Every line below that includes the word "construction" needs to be copied.

### Records shown
== == ==

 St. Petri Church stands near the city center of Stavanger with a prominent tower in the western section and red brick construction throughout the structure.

== == ==

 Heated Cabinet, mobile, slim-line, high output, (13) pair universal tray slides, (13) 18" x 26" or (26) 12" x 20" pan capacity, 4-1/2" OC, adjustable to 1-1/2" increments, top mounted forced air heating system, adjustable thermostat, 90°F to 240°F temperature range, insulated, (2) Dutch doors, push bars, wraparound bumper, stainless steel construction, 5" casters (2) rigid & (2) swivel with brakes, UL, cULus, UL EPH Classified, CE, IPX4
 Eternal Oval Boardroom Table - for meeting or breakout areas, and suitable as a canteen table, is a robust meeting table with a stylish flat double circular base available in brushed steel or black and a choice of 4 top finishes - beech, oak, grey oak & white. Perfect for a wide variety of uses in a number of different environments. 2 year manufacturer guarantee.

== == ==

### Expected answer
 St. Petri Church stands near the city center of Stavanger with a prominent tower in the western section and red brick construction throughout the structure.
 Heated Cabinet, mobile, slim-line, high output, (13) pair universal tray slides, (13) 18" x 26" or (26) 12" x 20" pan capacity, 4-1/2" OC, adjustable to 1-1/2" increments, top mounted forced air heating system, adjustable thermostat, 90°F to 240°F temperature range, insulated, (2) Dutch doors, push bars, wraparound bumper, stainless steel construction, 5" casters (2) rigid & (2) swivel with brakes, UL, cULus, UL EPH Classified, CE, IPX4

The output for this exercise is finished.